1. 執行猶予?
岡根弁護士のぼやき論壇

執行猶予?

とある新聞に次のような記事が載っていた。

「法務省は3日、懲役や禁錮刑の一部を執行した後に残りを猶予する「一部執行猶予制度」の創設を盛り込んだ刑法改正案など関連法案を次期臨時国会に提出する方針を固めた。
 一部執行猶予制度は、実刑と執行猶予の間の中間的な処遇として導入する。刑務所に初めて入る人のほか、3年以下の懲役や禁錮の判決を受ける薬物使用者に適用することを想定している。同省は、出所後も保護観察を続けて社会の中で受刑者の更生を図ることで、再犯防止を期待している。
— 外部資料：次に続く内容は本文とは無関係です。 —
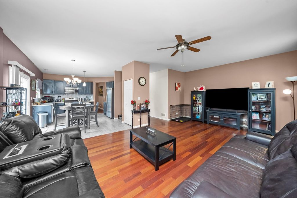 Welcome to a home that truly stands out-offering space, beauty, and a one-of-a-kind backyard experience. This expansive 5-bedroom, 2.5-bathroom residence sits on a premium oversized lot and features a custom-designed private lake right in your backyard a rare and serene retreat perfect for relaxing, entertaining, or simply enjoying the view. Step inside to discover a spacious layout with generous room sizes throughout. The main floor features an open-concept design, highlighted by Brazilian cherry hardwood floors flowing through the living room, hallway, and family room. The kitchen is filled with natural light, equipped with stainless steel appliances, and offers stunning views of the water-making every meal a scenic experience. Upstairs, the oversized primary suite includes a private bathroom and an expansive walk-in closet. Three additional bedrooms and a dual-sink full bathroom provide plenty of room for family or guests. A fifth bedroom is conveniently located on the main floor, along with a half bath, ideal for a home office or guest space. The full basement offers a vast blank canvas ready for your finishing touches, whether it's a home theater, gym, or additional living space. Located just 1.5 blocks from Troy Heritage Elementary and a short walk to the park. With easy access to I-80 and I-55, this location is as convenient as it is peaceful. If you're looking for a home that combines space, nature, and comfort-this is it. Come see the possibilities.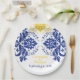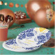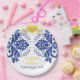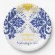 Plato De Papel Elegante motivo damasco azul real, boda amarillo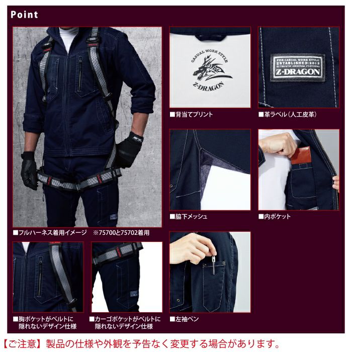 自重堂 Z-DRAGON 作業服 作業着 作業ズボン 自重堂 Z-DRAGON 作業服 75700 ストレッチ長袖ジャンパー S-LL 春夏用 作業着

」

結局、「中間」といっても、宣告される側は、明らかに「実刑」なわけで、刑期の一部についてのみ執行猶予扱いになるに過ぎない。

心配するのは、これまでなら執行猶予が付いていた人について、刑期の一部については「実刑」として刑務所でのお勤めをしなければならないというケースが増えないだろうか、ということだ。

「即決裁判」(あまり利用はないようだが)ができたおかげで、これまでなら起訴猶予になっていた人が、執行猶予付きではあっても有罪として「前科」がつくようになってしまっているのではないか、という感じの、判決版という気がしてならない。

あまり好ましい制度とは思われない。